Applications of electronic visual displays include electronic pricing labels in retail shops, and digital signage, time tables at bus stations, electronic billboards, mobile phone displays, and e-readers able to display digital versions of books and e-paper magazines.
- 1 Technologies
- 2 Disadvantages
- 3 Applications
- 4 Display manufacturers
- 5 See also
- 6 References
- 7 Further reading
- 8 External links
Electronic paper was first developed in the 1970s by Nick Sheridon at Xerox's Palo Alto Research Center. The first electronic paper, called Gyricon, consisted of polyethylene spheres between 75 and 106 micrometers across. Each sphere is a janus particle composed of negatively charged black plastic on one side and positively charged white plastic on the other (each bead is thus a dipole). The spheres are embedded in a transparent silicone sheet, with each sphere suspended in a bubble of oil so that they can rotate freely. The polarity of the voltage applied to each pair of electrodes then determines whether the white or black side is face-up, thus giving the pixel a white or black appearance. At the FPD 2008 exhibition, Japanese company Soken demonstrated a wall with electronic wall-paper using this technology.
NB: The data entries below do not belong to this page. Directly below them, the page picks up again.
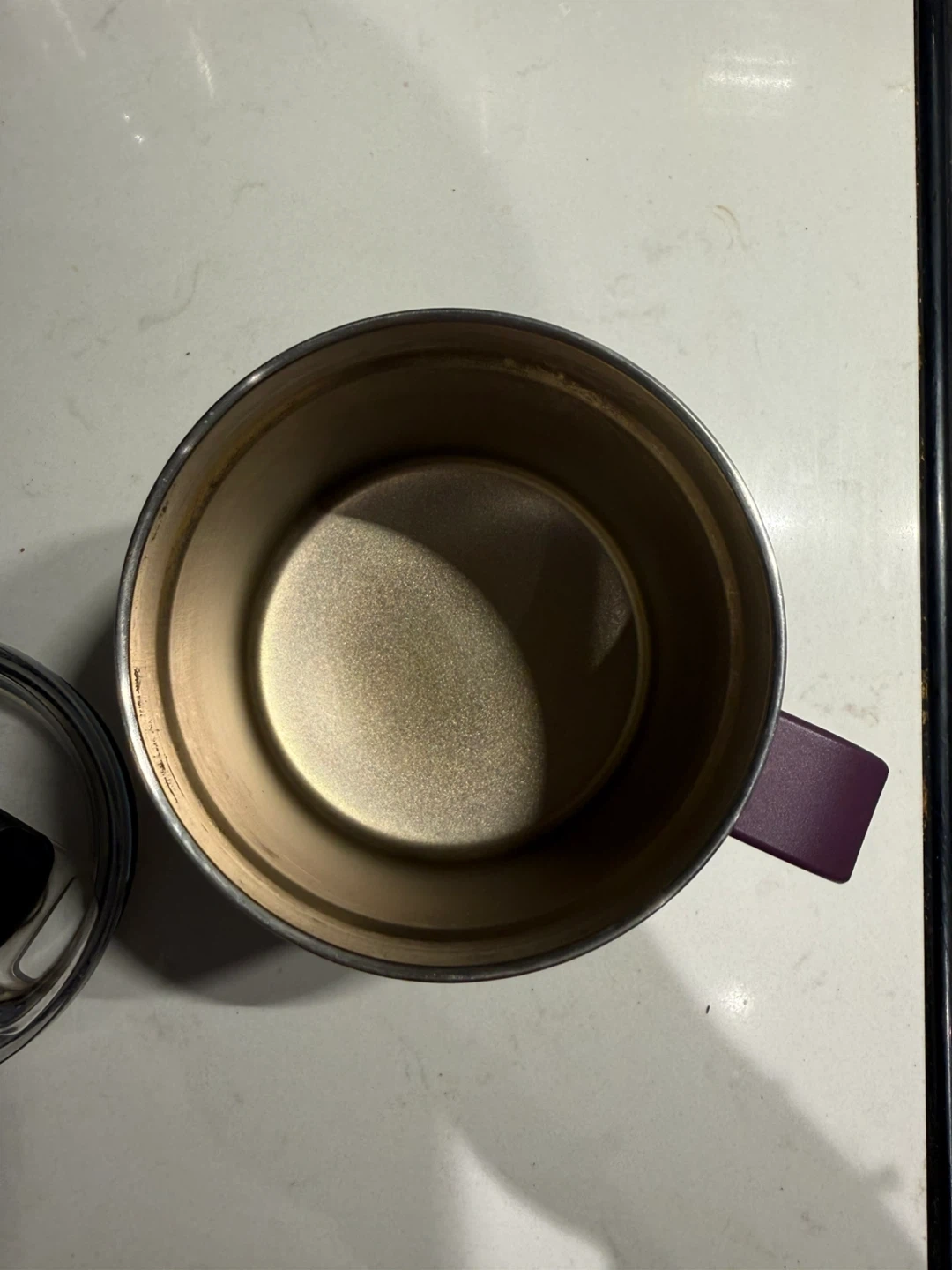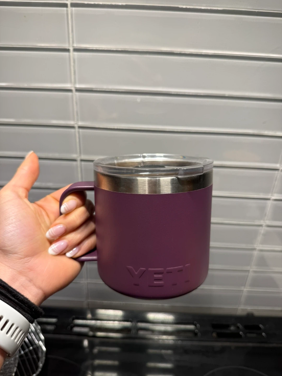 Yeti Rambler mug in purple with a lid. Stainless steel construction. It's great for keeping drinks hot or cold.
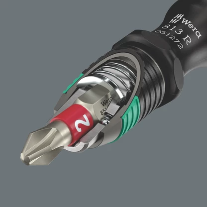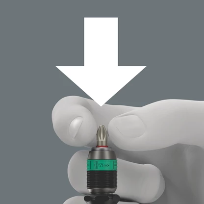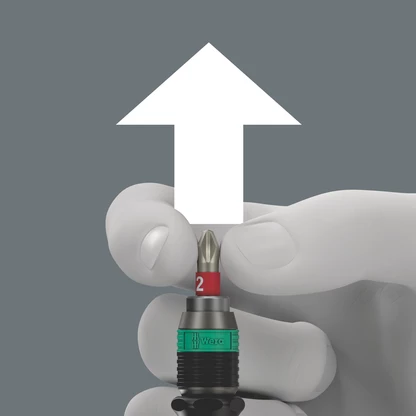 Para cambiar la punta simplemente se ha de desplazar el casquillo hacia adelante: En ese instante, el mecanismo de muelle separa la punta del imán y desbloquea así la herramienta. La punta se puede extraer sin problema alguno. Y lo que es especialmente útil: esta función también permite la extracción de puntas de dimensiones muy pequeñas sin que se tenga que utilizar herramienta adicional de ayuda.
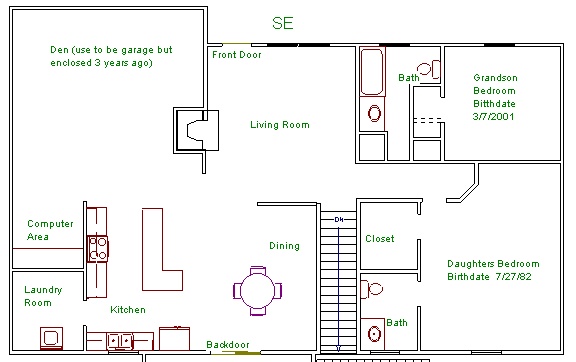Attached is a 3 drawings one of the upstairs, one of downstairs also showing my pond out back and the third is one I sent in before showing the general slope of the lot and how the house sits. Thanks you so much for taking a look at this. I know there is something wrong. I have tried several times to sell this house and can't seem to find a buyer. When I rent it they only last a few months before they move and I am forced to move back into the house.
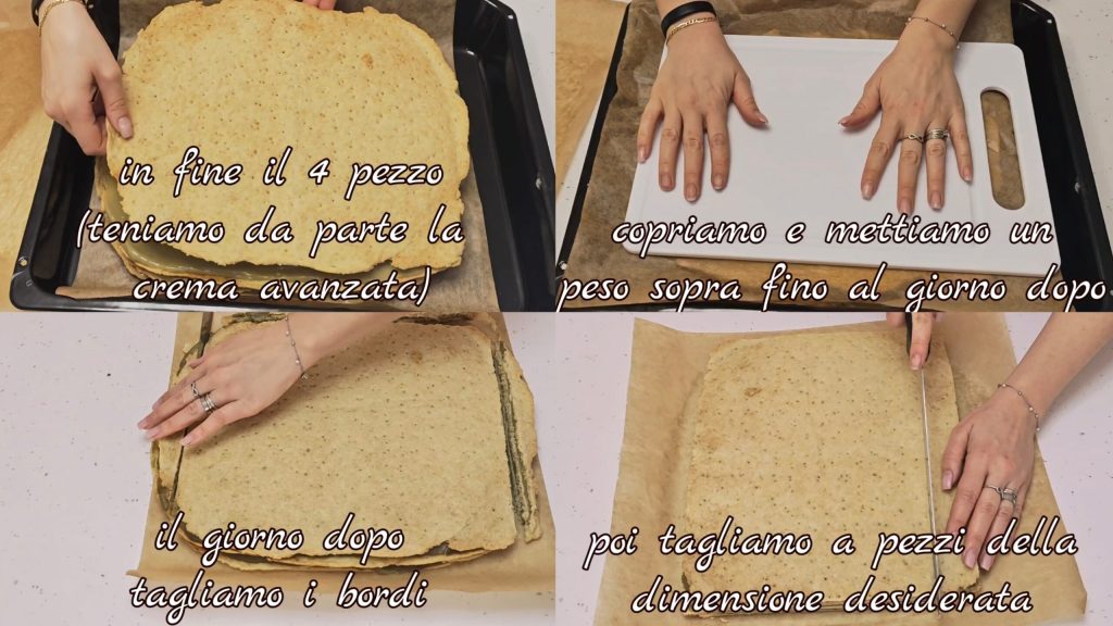 finalmente ponemos el cuarto pedazo de masa y reservamos la crema restante (1/4). Cubrimos y ponemos un peso encima y dejamos reposar hasta el día siguiente. Al día siguiente cortamos los bordes y luego cortamos en piezas del tamaño deseado
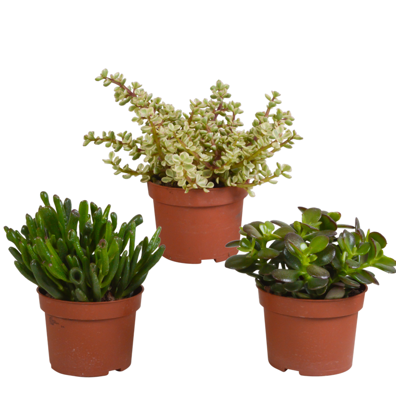 Deze Crassula mix bestaat uit 3 Crassula’s die in kleur, hoogte en vorm van elkaar verschillen. De Crassula’s zijn met zorg opgekweekt in een kweekpot met een diameter van 10,5 cm. De hoogte van de Crassula’s ligt tussen de 16 en 21 cm. De Crassula is eenvoudig te verzorgen. De Crassula staat graag op een lichte plaats én kan in de zon staan. De Crassula heeft in de groeiperiode van maart t/m september 1x per 2 weken water nodig. In de rustperiode van oktober t/m februari is 1x per maand water geven voldoende. Zorg ervoor dat de grond tussen de waterbeurten goed is uitgedroogd.
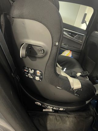 Silla de coche Maxi-Cosi Mica 360, apta para niños desde el nacimiento hasta los 4 años. Es un modelo giratorio 360 grados para facilitar la colocación del niño. - Homologada para el grupo 0+/1 (0-18 kg). - Instalación Isofix con pata de apoyo. - Asiento acolchado y reductor para recién nacidos. - Fundas extraíbles y lavables. Tuve un enganchon en la tapicería por eso es tan económico. El funcionamiento está genial. Muy cómodo. Puede ir a contramarcha hasta los 4 años. Es de fácil instalación y de las más seguras.
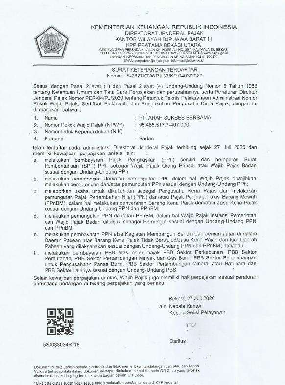 Bergulirnya globalisasi dan system Perdagangan Bebas Dunia (WTO) khususnya di Asia telah hadir di hadapan kita. Peranan aktif dunia udsaha dan era perdagangan bebas sangatlah penting. Terutama dalam mendukung pertumbuhan ekonomi nasional setelah 5 (lima) tahun berdiri dengan nama ARAH SUKSES BERSAMA. Berkembang menjadi mechanical dan electrical kontraktor seiring dengan perkembangan perusahaan yang
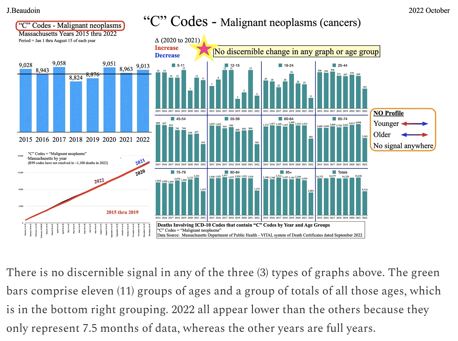 Beaudoin almost never makes plots of overall cancer mortality, but he only cherrypicks codes like C77.9 for subtypes of cancer that have gone up since 2020. But in 2022 he made these plots of deaths from all malignant neoplasms combined, and he wrote that there was no discernible signal of excess deaths: [https://therealcdc.substack.com/p/hidden-cancer-signals-found]
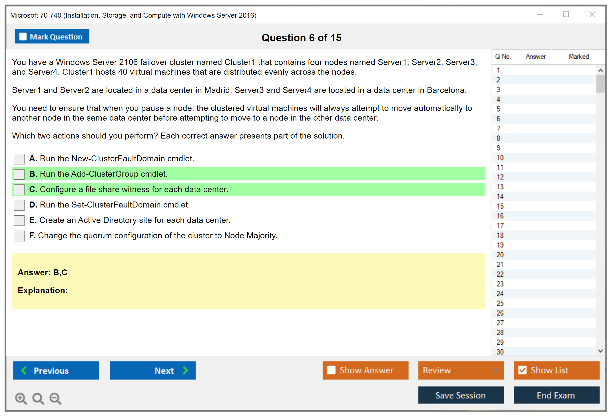 Note: Microsoft 70-740 (Installation, Storage, and Compute with Windows Server 2016) will not receive any new updates.
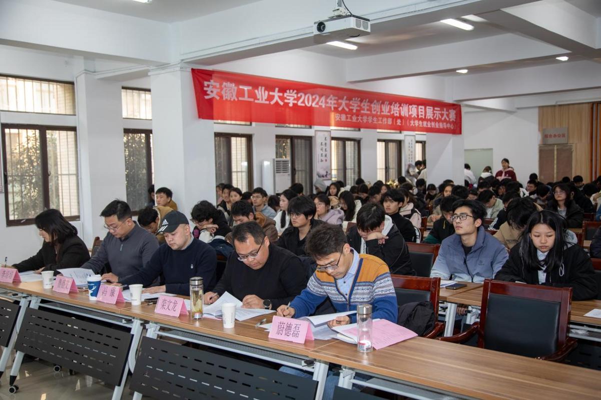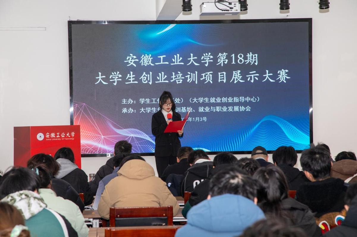 1月3日,我校于秀山校区开展了第18期大学生创业培训项目展示大赛,本次比赛由学工部(大学生就业创业指导中心)主办,就业与职业发展协会承办,旨在培养大学生创新思维,提升创业实践能力,皖江工学院、华江创业大学、蒙牛高科等单位领导和专家担任评委。学工部副部(处)长、就业指导中心副主任赵传刚,各培训班级授课教师、创业团队成员及就业创业协会学生,感兴趣的师生等120余人参加。
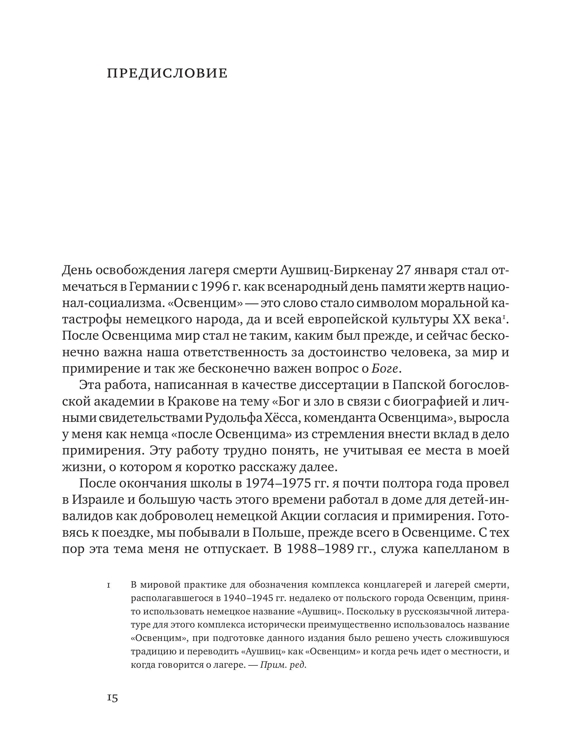 Священник Манфред Дезелерс подробно анализирует автобиографию Рудольфа Хёсса с опорой на философские наработки Рикёра и Левинаса, прослеживая процесс нарастания структур зла, расщепляющих мир на внутренний и внешний и превращающих жизнь в борьбу против врагов, которых нужно подчинить или уничтожить. Богословский вопрос сохранения «образа Божьего» в человеке, ставшем массовым убийцей, он связывает с библейским понятием «сердца», экзистенциального центра человека, открытого или закрытого по отношению к Другому.

From 2007 the Estonian company Visitret Displays is developing this kind of displays using polyvinylidene fluoride (PVDF) as the material for spheres, dramatically improving the video speed and decreasing the control voltage.
In the simplest implementation of an electrophoretic display, titanium dioxide (titania) particles approximately one micrometer in diameter are dispersed in a hydrocarbon oil. A dark-colored dye is also added to the oil, along with surfactants and charging agents that cause the particles to take on an electric charge. This mixture is placed between two parallel, conductive plates separated by a gap of 10 to 100 micrometres. When a voltage is applied across the two plates, the particles migrate electrophoretically to the plate that bears the opposite charge from that on the particles. When the particles are located at the front (viewing) side of the display, it appears white, because light is scattered back to the viewer by the high-index titania particles. When the particles are located at the rear side of the display, it appears dark, because the incident light is absorbed by the colored dye. If the rear electrode is divided into a number of small picture elements (pixels), then an image can be formed by applying the appropriate voltage to each region of the display to create a pattern of reflecting and absorbing regions.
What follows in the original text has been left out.